Dataset records
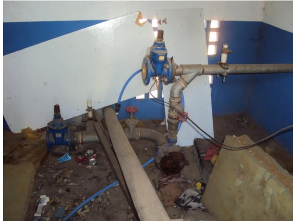
Figura 26 - Booster PA.

Não conformidade NC8 – Inciso IV do Artigo 14º da Resolução nº 018, de 30/05/2018. Deixar de realizar operação e manutenção adequada das unidades integrantes dos sistemas de abastecimento de água e/ou esgotamento sanitário, de acordo com as exigências dos regramentos vigentes.
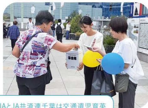
当JAとJA共済連千葉は交通遺児育英募金活動を展開。地域の皆さまが暮らしやすい社会づくりを行っています
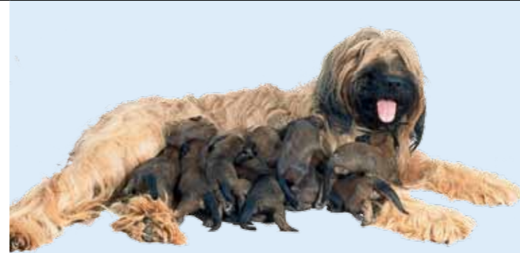
Um eine Übertragung von Würmern bereits innerhalb des Mutterleibes auf die Welpen zu verhindern, können die Hündinnen in Absprache mit der Tierarztpraxis im letzten Drittel der Trächtigkeit mit ausgewählten Präparaten gegen Würmer behandelt werden.

mer behandelt werden. Welche Form der Behandlung am besten geeignet ist, muss individuell besprochen werden. Unabhängig von dieser Behandlung innerhalb der Trächtigkeit sollten Muttertier und Welpen dann 2 Wochen nach der Geburt und die Welpen anschließend in 14-tägigen Abständen bis 2 Wochen nach der letzten Aufnahme von Muttermilch entwurmt werden. Tut man dies nicht, kann es zu einem massenhaften Wurmbefall der Jungtiere kommen, was bleibende Schäden verursachen und sogar zum Tod der Welpen

Your objective
Reproduce the listing exactly. Do not include its images.

Response
Figura 26 - Booster PA.

Não conformidade NC8 – Inciso IV do Artigo 14º da Resolução nº 018, de 30/05/2018. Deixar de realizar operação e manutenção adequada das unidades integrantes dos sistemas de abastecimento de água e/ou esgotamento sanitário, de acordo com as exigências dos regramentos vigentes.
当JAとJA共済連千葉は交通遺児育英募金活動を展開。地域の皆さまが暮らしやすい社会づくりを行っています
Um eine Übertragung von Würmern bereits innerhalb des Mutterleibes auf die Welpen zu verhindern, können die Hündinnen in Absprache mit der Tierarztpraxis im letzten Drittel der Trächtigkeit mit ausgewählten Präparaten gegen Würmer behandelt werden.

mer behandelt werden. Welche Form der Behandlung am besten geeignet ist, muss individuell besprochen werden. Unabhängig von dieser Behandlung innerhalb der Trächtigkeit sollten Muttertier und Welpen dann 2 Wochen nach der Geburt und die Welpen anschließend in 14-tägigen Abständen bis 2 Wochen nach der letzten Aufnahme von Muttermilch entwurmt werden. Tut man dies nicht, kann es zu einem massenhaften Wurmbefall der Jungtiere kommen, was bleibende Schäden verursachen und sogar zum Tod der Welpen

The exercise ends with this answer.